Los Angeles Air Force Base, Calif. March 27, 1998 WASHINGTON (AFNS) - As United Nations weapons experts embark on the next round of inspections in Iraq, thousands of U.S. airmen stand poised to attack if trouble erupts.
As 8,700 airmen with more than 200 aircraft warily watch in theater, they have the support of an array of spacecraft passing hundreds and thousands of miles overhead.
If President Clinton orders a strike, air crews and their arsenal of "smart" munitions would find their targets with the help of a constellation of 24 Global Positioning System satellites, plus Defense Support Program and Defense Meteorological Satellite Program spacecraft.
Their signals would guide an arsenal that includes 30 F-15s, 60 F-16s, 12 F-117s, 18 A-10s, 14 B-52s, 14 KC-10s, 21 KC-135s, three U-2s, three B-1B's, five E-3B Airborne Warning and Control System aircraft and one E-8 Joint Surveillance and Target Attack Radar System aircraft for ground reconnaissance. Other aircraft, including helicopters, would support special operations forces and air crew search and rescues.
Typically, these forces can fly missions such as offensive and defensive counter air, air interdiction, close-air support, suppression of enemy air defense, electronic warfare, surveillance and reconnaissance, combat search and rescue, air refueling, airlift, composite force training, information operations and command and control of air operations.
Ordnance at their disposal includes HARM, Maverick, Sidewinder, Sparrow and AMRAAM missiles, "smart" bombs and conventional air-launch cruise missiles. Compared to Desert Storm when smart weapons made up 10 percent of the arsenal, today's force-in-wait would deliver mostly smart bombs and missiles. This places extra emphasis on the circling sentinel of satellites to help put iron on targets.
With this precision engagement, Air Force leaders expect to apply selective force against specific targets. At the same time, military power would be delivered with minimal risk and collateral damage. That means commanders could employ force in measured, but effective, doses. In that grand scheme, help from space is a must.
"Our capabilities are much more dependent on space systems than they were in Desert Storm," said Maj. Gen. Gerald F. Perryman Jr., 14th Air Force commander and Air Force Space Operations component commander at Vandenberg Air Force Base, Calif. "Our capabilities are much greater, and they're much better integrated into our global military operations."
He emphasized that "Air Force space technology has changed the way we do military business. We've learned that space makes our troops safer and more effective, and there's no more efficient means for collecting and disseminating information about navigation, communication, intelligence, weather and missile warning."
Perryman noted that all military services benefit from Air Force technological advances. He said, "The Air Force Global Positioning System has become the glue that holds today's joint military operations together. Satellites will guide Navy Tomahawk missiles to their targets and have made the [Army] Patriot missile much more accurate than in Desert Storm."

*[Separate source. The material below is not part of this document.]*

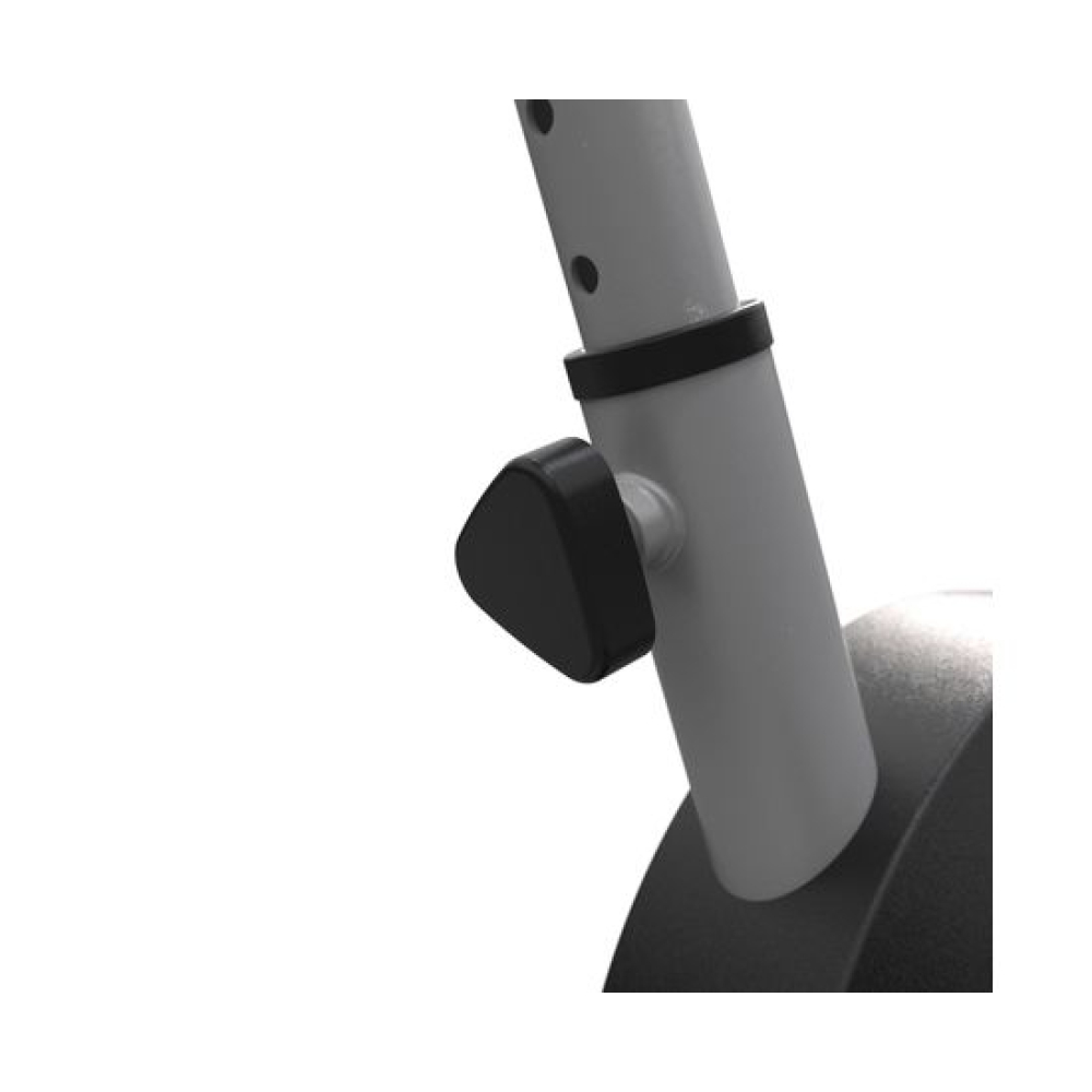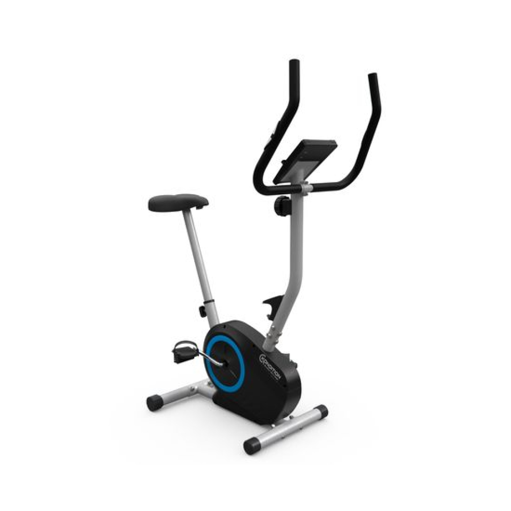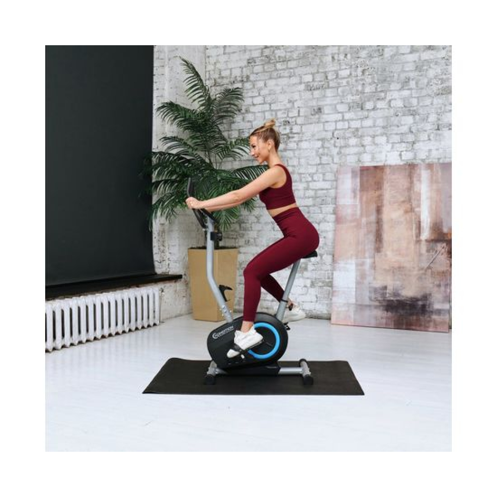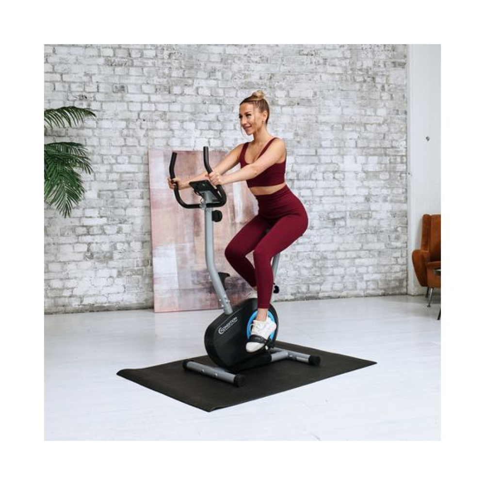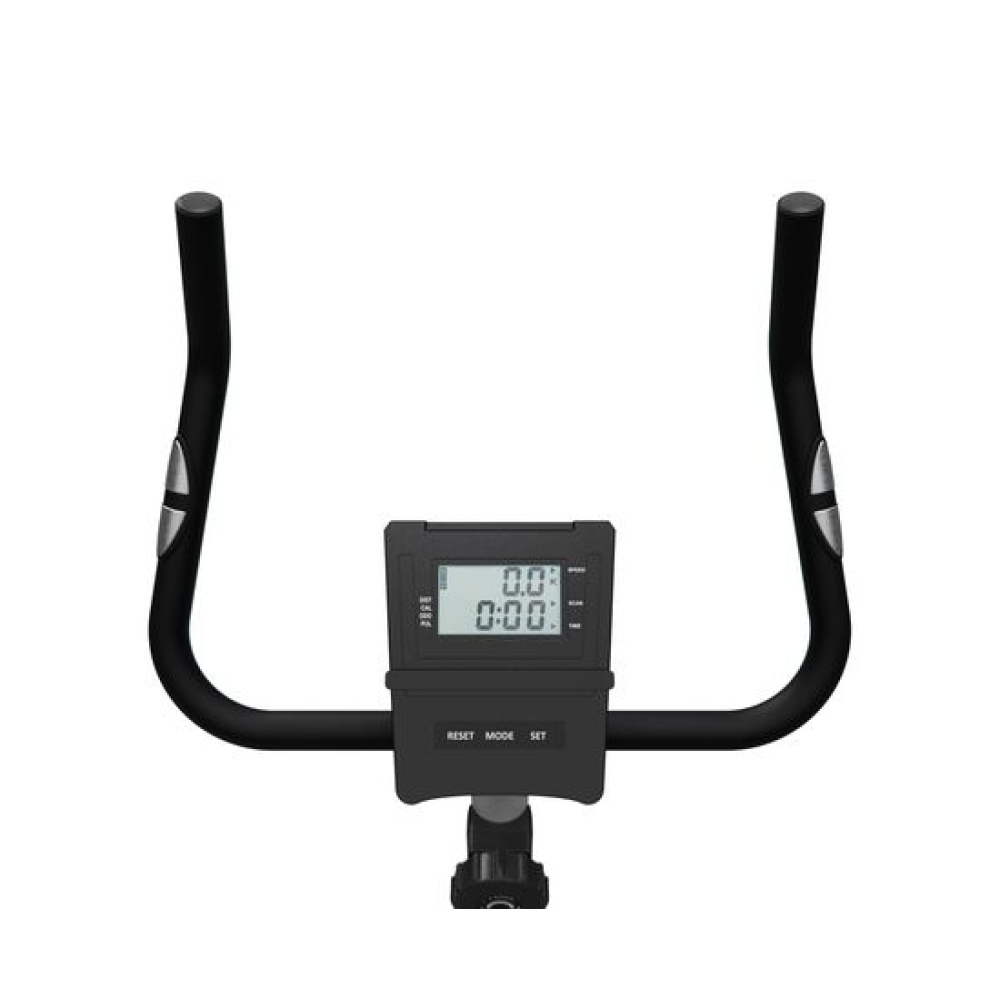 Компактный вертикальный тренажёр DFC Kondition 2309A предназначен для поддержания физической формы и улучшения здоровья. Максимально допустимый вес пользователя до 110 кг.Велотренажер оснащен инерционным маховиком весом 5 кг с возможностью крутить педали в обе стороны. Нагрузка осуществляется с помощью магнитной системы и регулируется механически на 8 уровней.Сиденье велотренажера регулируется по вертикали на 7 уровней от 80 до 94 см от пола, что позволяет настроить его под свой рост. Для отслеживания показаний во время тренировок, на поручнях велотренажера расположены сенсорные датчики пульса. Кроме того, велотренажер оснащен компенсаторами неровности пола, что позволяет стабильно использовать его на любой поверхности. Транспортировочные ролики для быстрого перемещения тренажёра.Помимо выдерживаемого веса спортсмена, данную модель выделяет наличие кармана для бутылки, а также подставки под планшет.Монохромный LCD дисплей велотренажера отображает следующие показатели: скан, скорость, время, калории, пульс и расстояние. Для работы консоли требуются 2 батарейки типа ААА (не входят в комплект).

Leading the way for gains in targeting accuracy is the Global Positioning System, developed at the Air Force Space and Missile Systems Center at Los Angeles Air Force Base, Calif. During the Gulf War, the system was still incomplete with not enough satellites aloft to give complete, constant worldwide coverage.
"Now we have a complete GPS constellation," the general said. With 24 satellites orbiting 11,000 miles high, "you'll be able to 'see' four satellites at a time with your GPS receiver on 100 percent of the Earth. Without that in Desert Storm, in some cases that limited us to two-dimensional position capability instead of the precise longitude, latitude and altitude capability we have today."
With GPS in full, reliable operation, pilots are no longer 'tied' to targets.
"They can drop GPS-aided munitions from great distances from the target and leave the area," Perryman said. "Often pilots can strike multiple targets with just one pass over the area. The bottom line is there will be fewer pilots in harm's way to achieve the same results."
The general added that "GPS is also extremely valuable when arranging rendezvous such as refueling." The Navy's new survival radio linked to GPS will also speed the search and rescue of downed airmen.
According to Col. James B. Armor, director of SMC's GPS Joint Program Office, the recent tension in the Persian Gulf region offered a chance for Team SMC to shine.
"When you realize the tremendous importance of SMC-acquired assets on the modern battlefield, it really helps you connect the hard work done here with the troops in the field," Armor said.
Another space-based system will almost instantaneously detect theater ballistic missile launches. Iraqi Scud missiles are usually airborne for only five to seven minutes, and during Desert Storm, according to Perryman, "we manually plotted the course of incoming Scuds on a map with pins.
"Since then, we've stood up the 11th Space Warning Squadron at Falcon Air Force Base, Colo., to detect worldwide missile launches. They have the latest computer technology at their disposal. We're confident they can accurately predict the course of a Scud-class missile in ample time for us to pass on warnings to our troops in the field anywhere in the world."
Passing quietly far overhead, Perryman said space systems "don't grab a lot of headlines for our global military operations.
"But make no mistake. We'd no sooner send American troops into harm's way without Air Force space products than we'd send them into battle armed with sticks and stones."